Experimental study on the processes and influencing factors of coal pillar damage under immersion conditions

• Published in: Geosciences journal (Seoul, Korea) Vol. 29; no. 1; pp. 134 - 149
• Main Authors: Yuan, Huiqing, Xu, Zhimin, Sun, Yajun, Lu, Weining, Han, Yuhang, Xu, Xiangyu
• Format: Journal Article
• Language: English
• Published: Berlin/Heidelberg Springer Berlin Heidelberg 01.02.2025; Springer Nature B.V; 한국지질과학협의회
• Subjects: Acid mine water; Coal; Compressive strength; Damage; Design optimization; Disasters; Earth and Environmental Science; Earth Sciences; Immersion; Mechanical properties; Microcracks; Mine drainage; Permeability; Physical properties; Rocks; Shear strength; Submerging; Tensile strength; Underground mining; Water; Water inrush; Water resistance; 지질학; Immersion test; Coal pillar stability; Water–rock interaction; Damage mechanism; Damage coefficient
• ISSN: 1226-4806; 1598-7477
• DOI: 10.1007/s12303-025-00013-8

After mining, the abandoned underground space accumulates acidic mine water with high permeability and strong corrosivity, damaging the structure of adjacent boundary coal pillars and reducing their mechanical strength and water resistance, which can lead to water inrush disasters.
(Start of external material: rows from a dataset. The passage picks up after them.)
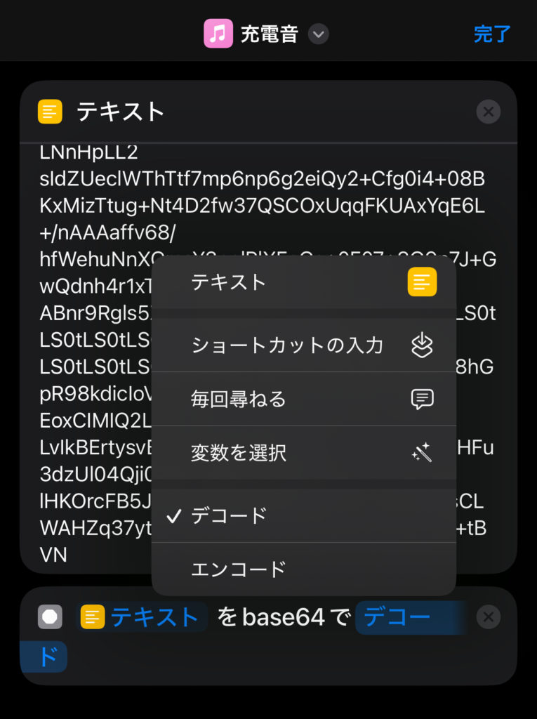 アクションを検索に64と入力し「base64エンコード」を選択しエンコードをタップしてデコードに変更する。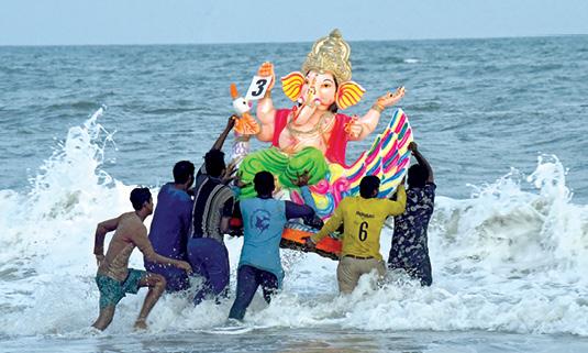 விநாயகர் சதுர்த்தியை முன்னிட்டு சென்னையில் பல இடங்களில் ஆயிரக்கணக்கான விநாயகர் சிலைகள் வைக்கப்பட்டன. ஒருவாரம் அக்டந்த நிலையில் இந்த சிலைகளை சென்னை பட்டினம்பாக்கம் கடற்கரை பகுதியில் கரைக்க போலீசார் அனுமதி அளித்தனர். அந்த வகையில் நேற்று காலை 10 மணி முதல் ஆயிரக்கணக்கான சிலைகள் போலீசாரின் பாதுகாப்புடன் ஊர்வலமாக கொண்டு செல்லப்பட்டு கடலில் கரைக்கப்பட்டன.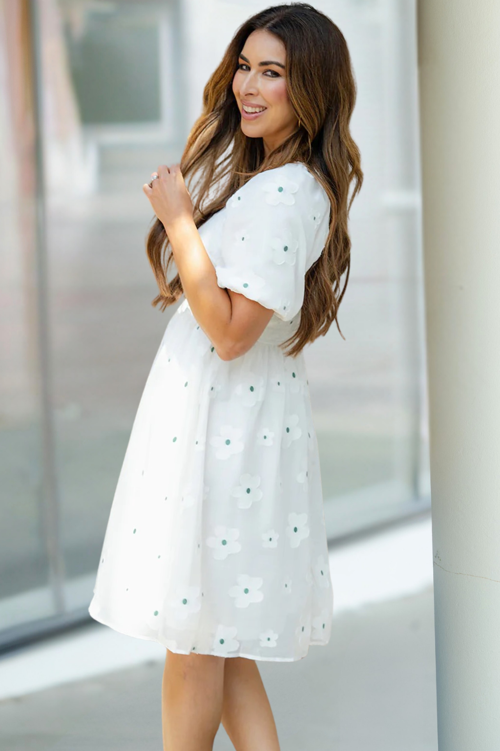 Subtle Floral Puff Sleeve Dress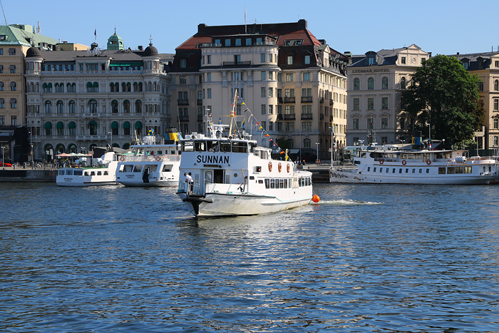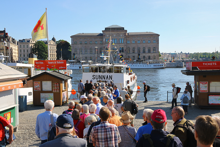 Ombordsstigning vid Skeppsbron en kvart innan avgång 09:00. Resandemängden var satt begränsad till 100, även om båtens kapacitet är det dubbla, men att trängas på en båt i sex timmar hade inte varit någon hit.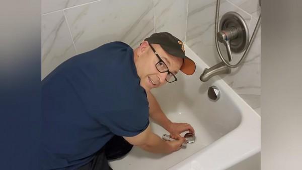Rob demonstrating how to unclog a bathtub drain | Source: Dad, how do I? (YouTube)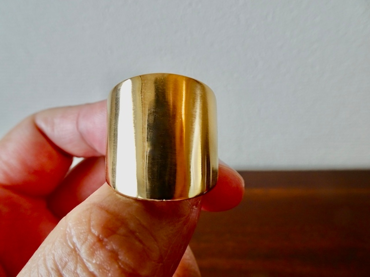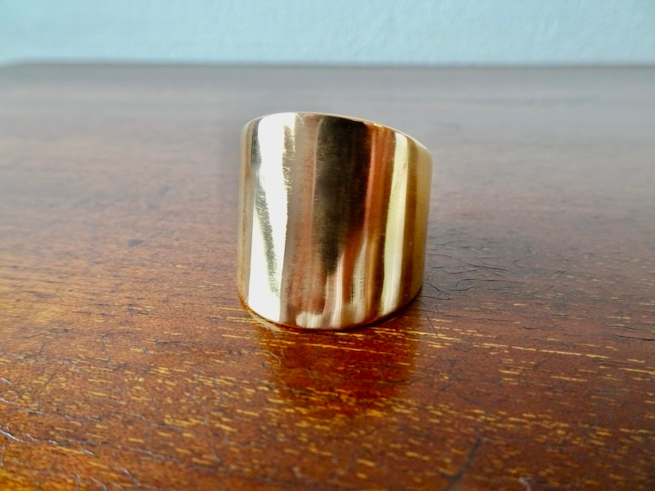 仁尾彫金『最大幅2.3cm最小幅8mm、ゴールド平打ちリング』ハンドメイド285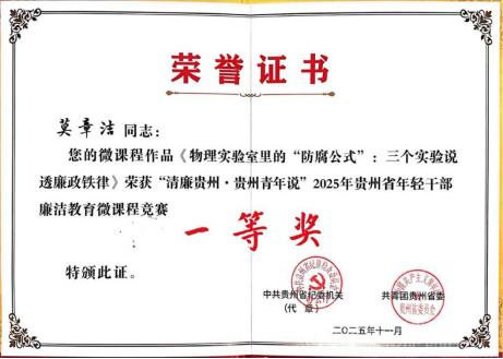 11月18日,由中共贵州省纪委机关、共青团贵州省委联合主办的2025年贵州省年轻干部廉洁教育微课程竞赛决赛在贵州广播电视台演播厅圆满落幕。王中王论坛 教师莫章洁讲授的廉洁教育微课程作品《物理实验室里的“防腐公式”:三个实验说透廉政铁律》,在21个参赛作品中脱颖而出,荣获一等奖。 该微课程经过巧妙构思,于物理实验中呈现物理规律,并借助这些规律揭示廉政铁律,生动诠释了“坚守初心、秉公用权、防微杜渐”对年轻干部的重要意义。该课程充分彰显了王中王论坛 的专业特色,展现了王中王论坛 教师将专业教学与廉洁文化建设巧妙融合的生动实践。 在本课程备课阶段,学院 23 级集成班的赵红春、张鑫、赵玉同诸位同学全程参与其中,凭借自身专业特长协助教师制作课程教具。学生在运用专业技能的过程中,政治觉悟得以有效提高。实际上,该课程的备赛过程本身便是一堂鲜活的思政课。 学院也将积极激励教师参与此类竞赛,在提高教学能力的同时,着重营造清正廉洁、正气充盈的育人环境。 文/图:莫章洁 初审:雷仕娜 复审:蔡晶 终审:刘高福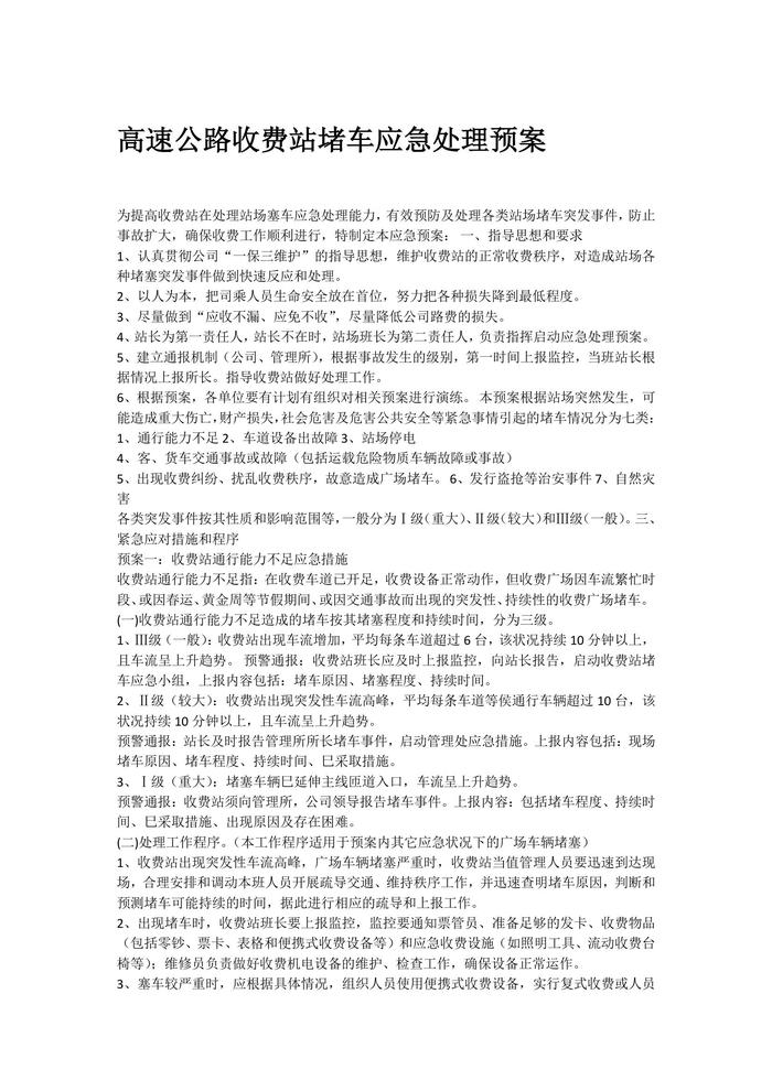 高速公路收費站堵車應(yīng)急處理預(yù)案(1)docx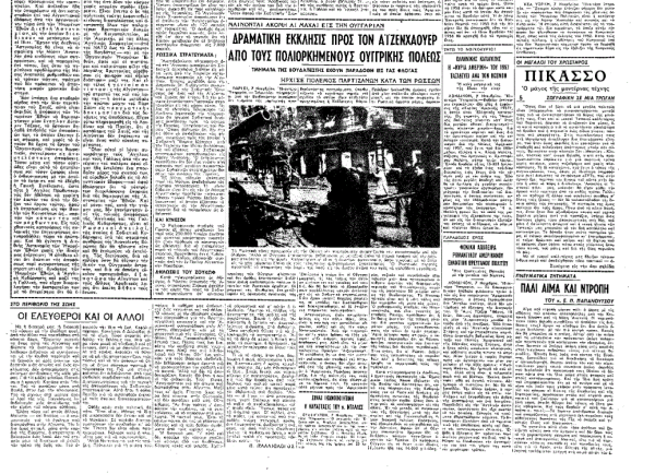 Ελάτε τώρα και στους άλλους. Μαίνεται —και δικαίως— ο κομμουνισμός για το έγκλημα που διαπράχθηκε στην Αίγυπτο. Την ίδια όμως στιγμή, μέσα στην καρδιά της Ευρώπης, διαπράττεται η δολοφονία ενός λαού. Δεν του στερούν μόνο το δικαίωμα να εκλέξη τον τρόπο της ζωής του. Του αφαιρούν την ίδια τη ζωή. Κεφάλια πέφτουν. Κοκκίνησε ο Δούναβης από το αίμα. Ξένος στρατός επιβάλλει τις θελήσεις του. Μια χώρα τόσο μικρή σε πληθυσμό και σε έκταση, ώστε να μην αποτελεί απειλή για κανέναν, εκφράζει τη θέληση να μην της αποστραγγίζουν τους πόρους και να την αφήσουν να ζήση με όποιο σύστημα προτιμά η πλειοψηφία της. Για μια στιγμή φαίνεται ότι εκδηλώνονται από τους εισβολείς συμβιβαστικές διαθέσεις. Διαπραγματεύσεις για την τεχνική της αποχωρήσεως των σοβιετικών στρατευμάτων. Αυτό ήταν η φάκα. Παγίδα για να συλληφθούν εκείνοι με τους οποίους διαπραγματεύονται.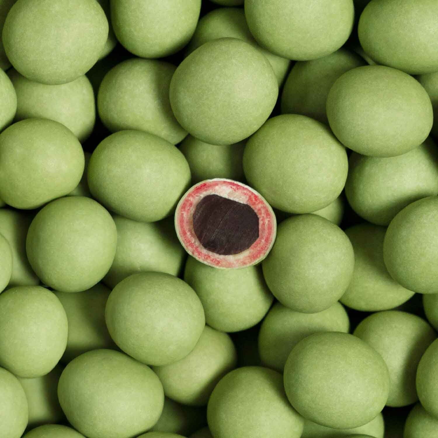 Gecoate witte chocoladebolletjes met twee smaken en een zachte dropkern.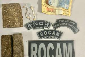 Os militares, com apoio o imprescindível da RP2, realizaram buscas nas proximidades e foi encontrada uma mochila com mais 340g de uma substância análoga à maconha, além de 32 reais em espécie com um dos envolvidos.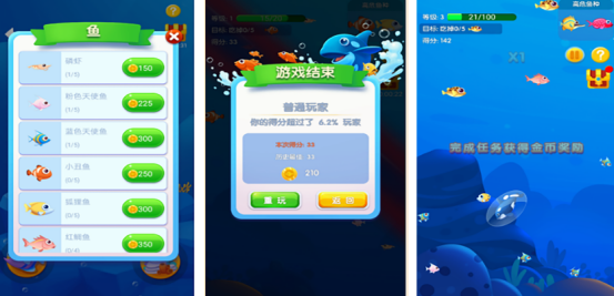 和我们玩的大鱼吃小鱼游戏特别相似,在特别清新又靓丽的海洋环境当中,起初只是一条小小的鱼儿通过。吞噬比自己小的鱼儿的方式让自己也逐渐变得越来越大,但是在游走的过程中也要及时躲避比自己大的鱼类,否则就会被其吃掉。吃掉的鱼儿越多,获得的分数也会越高,也可装饰自己的水族馆。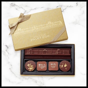 丸ビル開業20周年&新丸ビル開業15周年を記念した東京店限定セット。トリニダード・トバゴ産のカカオ豆を使用したスペシャリテ「パレ ド オール」に、東京駅舎をかたどった限定タブレットの組み合わせ。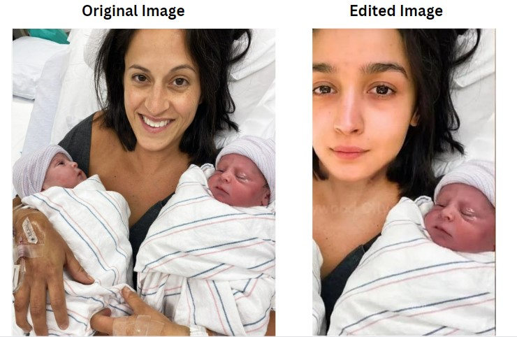 We could thus conclude that the viral photograph claiming to show the “first look” of actress Alia Bhatt with her newborn daughter has been digitally altered.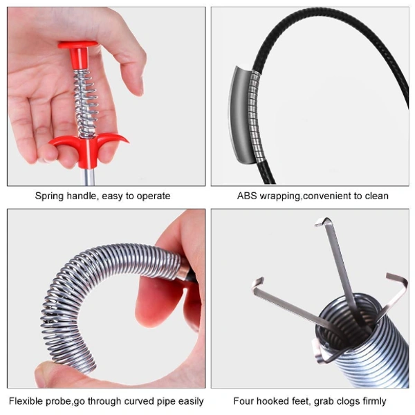 - Drain cleaning brush/spring widely used for cleaning bathrooms; kitchen; sinks; tubs; and dredging pipe; drain; sewers and other places clogged often. Multi-tooth drain snakes efficiently catch hair; food and other blockages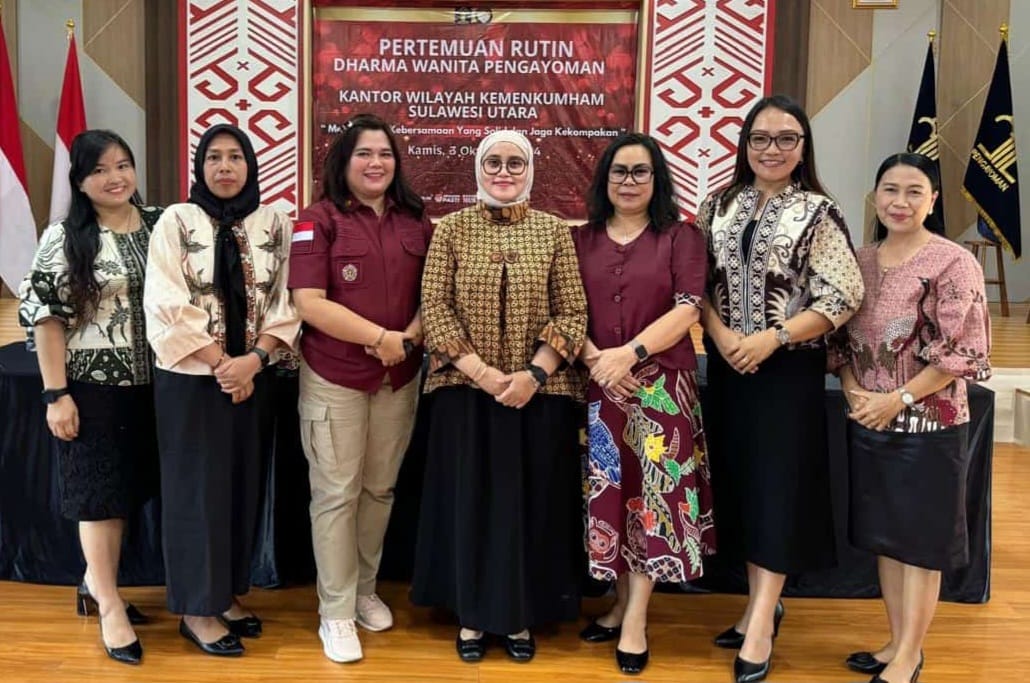 TargtInvestigasi.co.id, Manado – Ketua Dharma Wanita Lapas Tondano, Velny Paath-Panungkelan, serta Kasubag TU dan anggota DWP Lapas Tondano turut hadir dalam pertemuan rutin Dharma Wanita Persatuan dan Dharma Wanita Pengayoman Kantor Wilayah Kementerian Hukum dan Hak Asasi Manusia Sulawesi Utara yang digelar di Aula Mapalus pada Kamis (03/10/2024).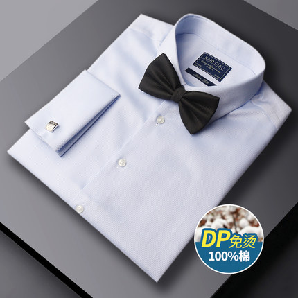 法式衬衫男长袖纯棉免烫领结款结婚新郎正装西装男士袖扣衬衣礼服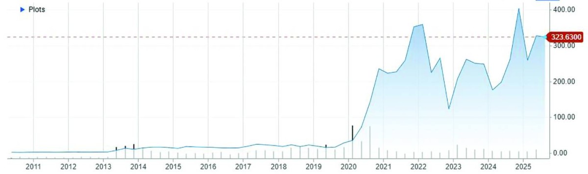 وسجل سهم الشركة أعلى إغلاق له 488.54 دولاراً في منتصف ديسمبر من العام الماضي، بينما أعلى إغلاق نهائي للسهم كان 479.86 دولاراً، واستقر سعره يوم الجمعة الماضي عند 323.6 دولاراً.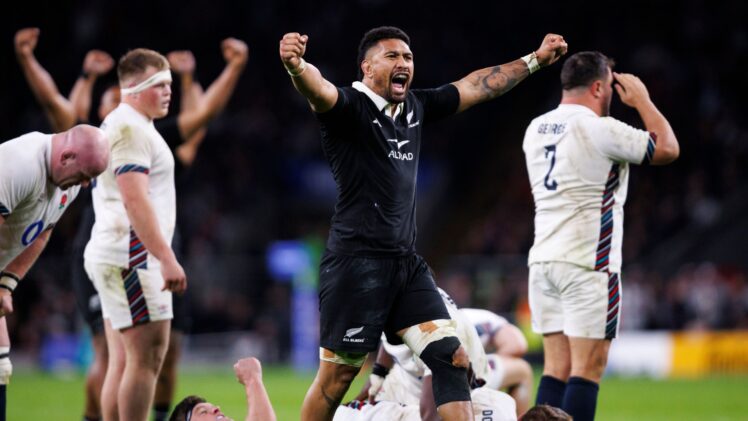 LONDON, ENGLAND – NOVEMBER 2: New Zealand’s Ardie Savea celebrates at the final whistle during the Autumn Nations Series 2024 match between England and New Zealand All Blacks at Allianz Stadium on November 2, 2024 in London, England. (Photo by Bob Bradford – CameraSport via Getty Images)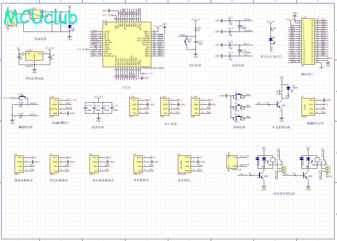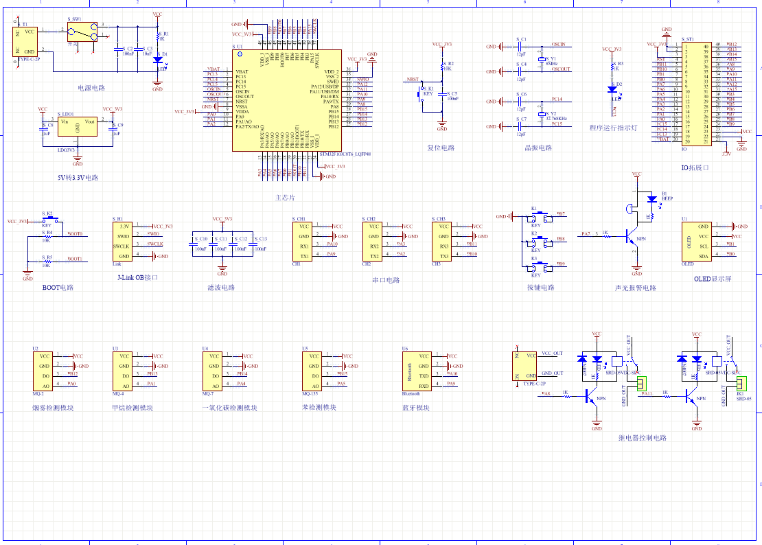 PCB图是由原理图导出,封装很大一部分都是作者自己绘制,不提供封装库,只提供连接好的源文件,可以直接在嘉立创进行打板。两层板,上下覆铜接地。

This study investigates the damage effects and influencing factors on boundary coal pillars under various immersion conditions, using on-site coal samples and a self-developed high-pressure mine water–rock coupling test device for simulation tests under different pressures and solutions. This study defines the ratio of the reduced mechanical strength of the immersed rock to that in its dry state as the “damage coefficient”. Results indicate significant damage to coal samples after 40 days of immersion, with damage coefficients for compressive, tensile, and shear strengths exceeding 0.3. Notably, the tensile strength of the #2 coal sample in acidic solution showed the most pronounced damage effect, reaching a maximum of 0.74. Structural damage is evident, characterized by a rough surface and increased internal micro-cracks. Key influencing factors include the hydrochemical characteristics of the immersion solution, immersion time, and the physical properties of the coal samples. These findings provide a theoretical basis and reference for optimizing the design and stability evaluation of water-proof coal pillars in production mines.